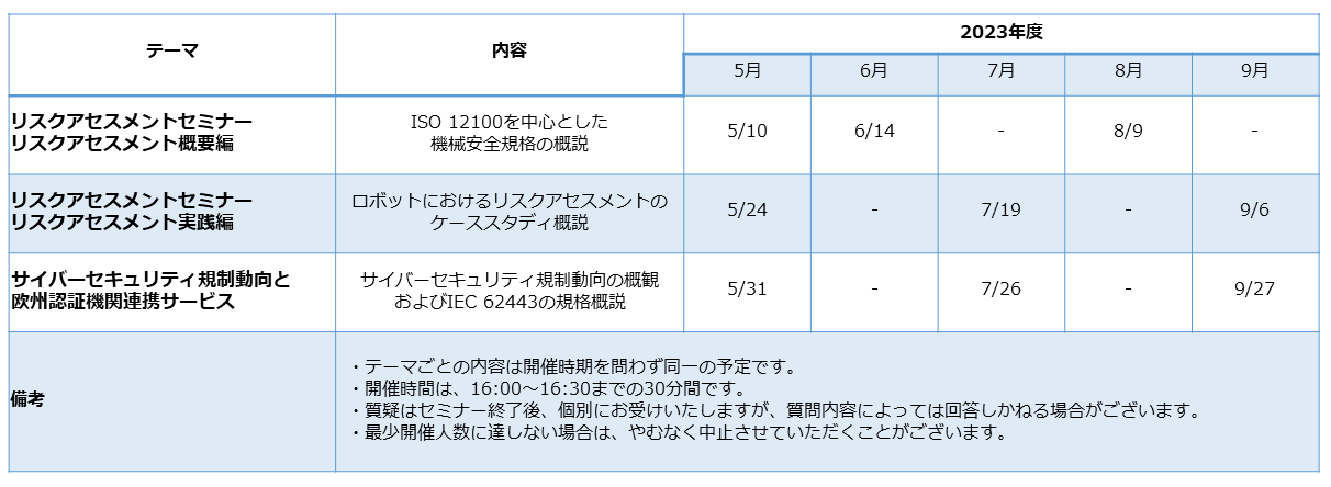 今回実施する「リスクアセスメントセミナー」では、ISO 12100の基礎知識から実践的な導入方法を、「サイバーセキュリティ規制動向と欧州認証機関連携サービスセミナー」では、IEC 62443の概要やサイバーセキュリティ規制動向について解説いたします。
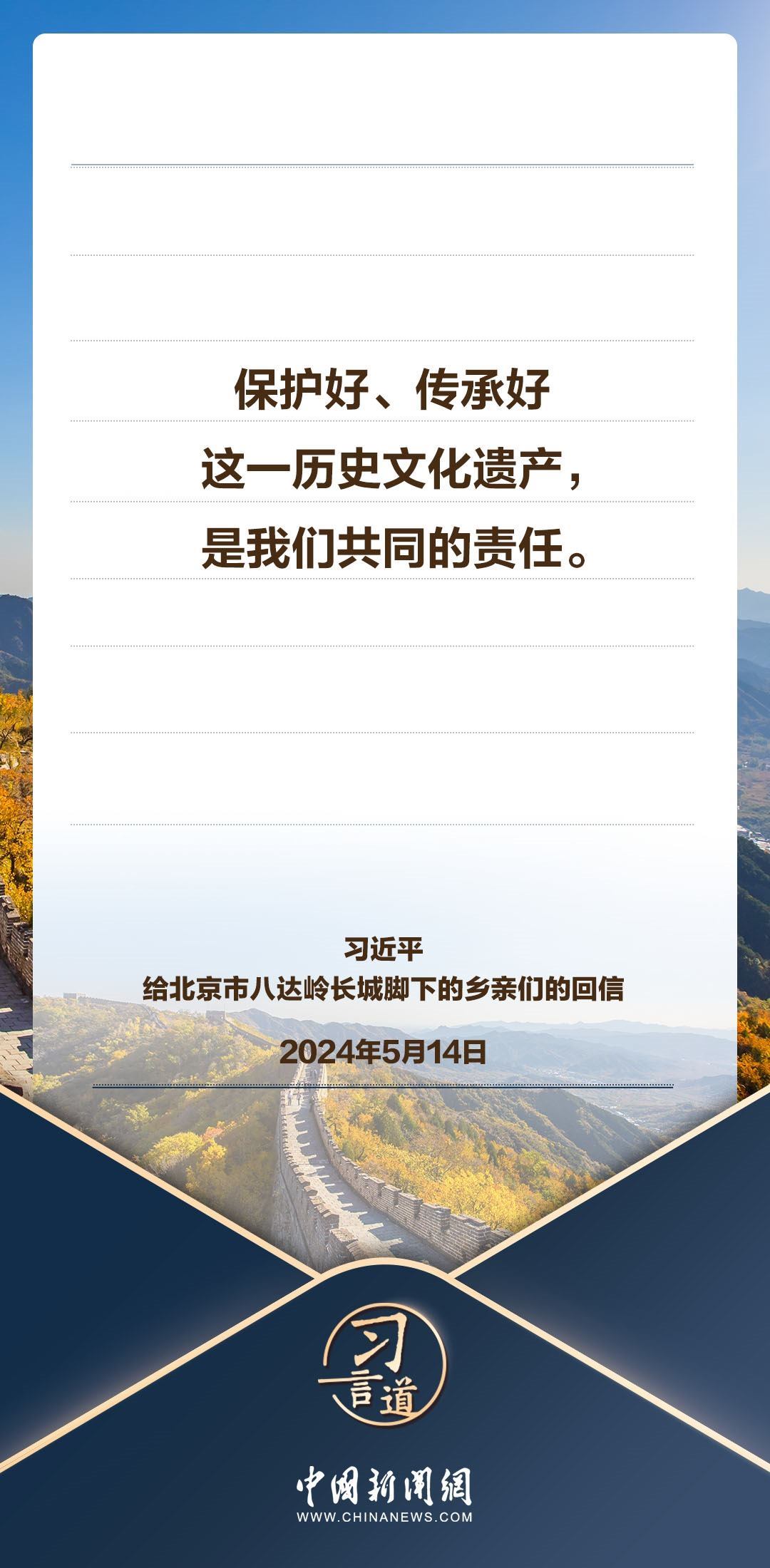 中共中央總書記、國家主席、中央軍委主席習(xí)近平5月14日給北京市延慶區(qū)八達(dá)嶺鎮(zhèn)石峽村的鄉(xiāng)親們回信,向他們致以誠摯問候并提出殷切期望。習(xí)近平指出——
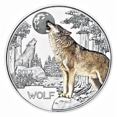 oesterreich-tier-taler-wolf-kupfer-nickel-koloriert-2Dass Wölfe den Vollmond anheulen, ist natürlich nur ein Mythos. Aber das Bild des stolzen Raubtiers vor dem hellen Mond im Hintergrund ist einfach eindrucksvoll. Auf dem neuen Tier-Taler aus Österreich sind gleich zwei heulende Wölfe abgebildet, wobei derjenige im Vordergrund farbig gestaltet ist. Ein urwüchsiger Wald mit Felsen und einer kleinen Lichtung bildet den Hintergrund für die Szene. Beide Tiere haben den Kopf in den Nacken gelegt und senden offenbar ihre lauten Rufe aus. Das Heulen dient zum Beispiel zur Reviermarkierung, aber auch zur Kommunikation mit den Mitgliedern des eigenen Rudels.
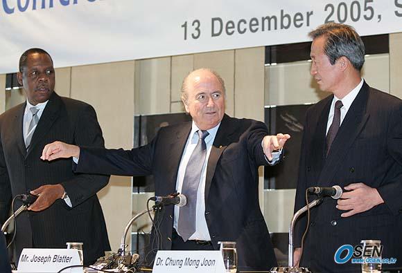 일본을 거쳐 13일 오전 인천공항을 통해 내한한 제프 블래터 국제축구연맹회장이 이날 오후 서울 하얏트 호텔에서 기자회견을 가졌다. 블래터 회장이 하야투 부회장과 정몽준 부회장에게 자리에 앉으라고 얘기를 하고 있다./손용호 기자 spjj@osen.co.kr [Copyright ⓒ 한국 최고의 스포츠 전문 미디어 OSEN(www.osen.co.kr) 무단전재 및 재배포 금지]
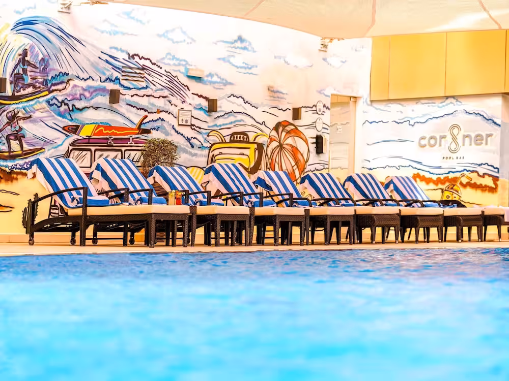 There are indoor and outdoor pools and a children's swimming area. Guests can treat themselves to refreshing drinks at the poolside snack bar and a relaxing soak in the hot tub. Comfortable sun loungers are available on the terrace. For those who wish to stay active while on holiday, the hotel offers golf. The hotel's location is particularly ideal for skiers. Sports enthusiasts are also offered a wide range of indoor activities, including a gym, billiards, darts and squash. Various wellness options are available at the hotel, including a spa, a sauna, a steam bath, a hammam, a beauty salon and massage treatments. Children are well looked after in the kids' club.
______
* [REQUIREMENT]
Keep the pictures out and transcribe the listing exactly.

* [TASK RESULT]
 今回実施する「リスクアセスメントセミナー」では、ISO 12100の基礎知識から実践的な導入方法を、「サイバーセキュリティ規制動向と欧州認証機関連携サービスセミナー」では、IEC 62443の概要やサイバーセキュリティ規制動向について解説いたします。
 中共中央總書記、國家主席、中央軍委主席習(xí)近平5月14日給北京市延慶區(qū)八達(dá)嶺鎮(zhèn)石峽村的鄉(xiāng)親們回信,向他們致以誠摯問候并提出殷切期望。習(xí)近平指出——
 oesterreich-tier-taler-wolf-kupfer-nickel-koloriert-2Dass Wölfe den Vollmond anheulen, ist natürlich nur ein Mythos. Aber das Bild des stolzen Raubtiers vor dem hellen Mond im Hintergrund ist einfach eindrucksvoll. Auf dem neuen Tier-Taler aus Österreich sind gleich zwei heulende Wölfe abgebildet, wobei derjenige im Vordergrund farbig gestaltet ist. Ein urwüchsiger Wald mit Felsen und einer kleinen Lichtung bildet den Hintergrund für die Szene. Beide Tiere haben den Kopf in den Nacken gelegt und senden offenbar ihre lauten Rufe aus. Das Heulen dient zum Beispiel zur Reviermarkierung, aber auch zur Kommunikation mit den Mitgliedern des eigenen Rudels.
 일본을 거쳐 13일 오전 인천공항을 통해 내한한 제프 블래터 국제축구연맹회장이 이날 오후 서울 하얏트 호텔에서 기자회견을 가졌다. 블래터 회장이 하야투 부회장과 정몽준 부회장에게 자리에 앉으라고 얘기를 하고 있다./손용호 기자 spjj@osen.co.kr [Copyright ⓒ 한국 최고의 스포츠 전문 미디어 OSEN(www.osen.co.kr) 무단전재 및 재배포 금지]
 There are indoor and outdoor pools and a children's swimming area. Guests can treat themselves to refreshing drinks at the poolside snack bar and a relaxing soak in the hot tub. Comfortable sun loungers are available on the terrace. For those who wish to stay active while on holiday, the hotel offers golf. The hotel's location is particularly ideal for skiers. Sports enthusiasts are also offered a wide range of indoor activities, including a gym, billiards, darts and squash. Various wellness options are available at the hotel, including a spa, a sauna, a steam bath, a hammam, a beauty salon and massage treatments. Children are well looked after in the kids' club.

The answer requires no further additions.